- Hangul: 김정호
- Hanja: 金正浩
- RR: Gim Jeongho
- MR: Kim Chŏngho
- IPA: [kimdʑʌŋho]

Art name
- Hangul: 고산자
- Hanja: 古山子
- RR: Gosanja
- MR: Kosanja
- IPA: [koːsʰandʑa]

Courtesy name
- Hangul: 백원, 백온
- Hanja: 伯元, 伯溫
- RR: Baekwon, Baekon
- MR: Paegwŏn, Paegon
- IPA: [pɛɡwʌn], [pɛɡon]

= Gim Jeong-ho =

Korean geographer (1804–1866)

Kim Jeong-ho's magnum opus, Daedong Yeojido.

Kim Jeong-ho (1804-1866?) was a Korean geographer and cartographer. His art name was Gosanja. He was born in Hwanghaedo. It is believed that he walked the entire length and breadth of the Korean peninsula, through mountain and valley, in order to research and compile his magnum opus, the Daedongyeojido, a map of Korea that was published in 1861, from which a single-sheet version, the Daedongyeojijeondo (대동여지전도 大東與地全圖), was subsequently made.

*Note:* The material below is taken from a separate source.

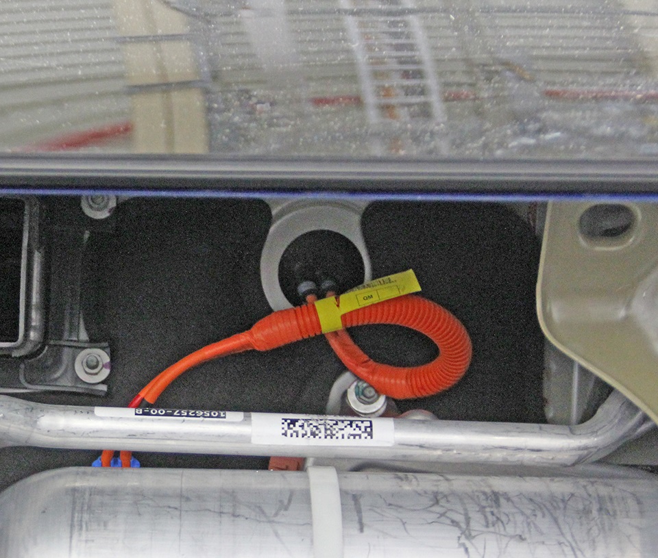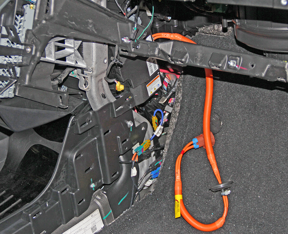 - Carefully pull the HV cable through the bulkhead into the cabin of the vehicle.

The events surrounding Kim's death are obscure. Following the publication of a later version of the Daedongyeojido in 1866, Kim is not heard from again. The document from the Governor-General of Korea asserts that the Korean regent Daewongun, upon viewing the later version of Kim's great map, became incensed by its inclusion of sensitive details critical to national defense. According to the document, the Daewongun had Kim arrested and jailed, and the maps destroyed.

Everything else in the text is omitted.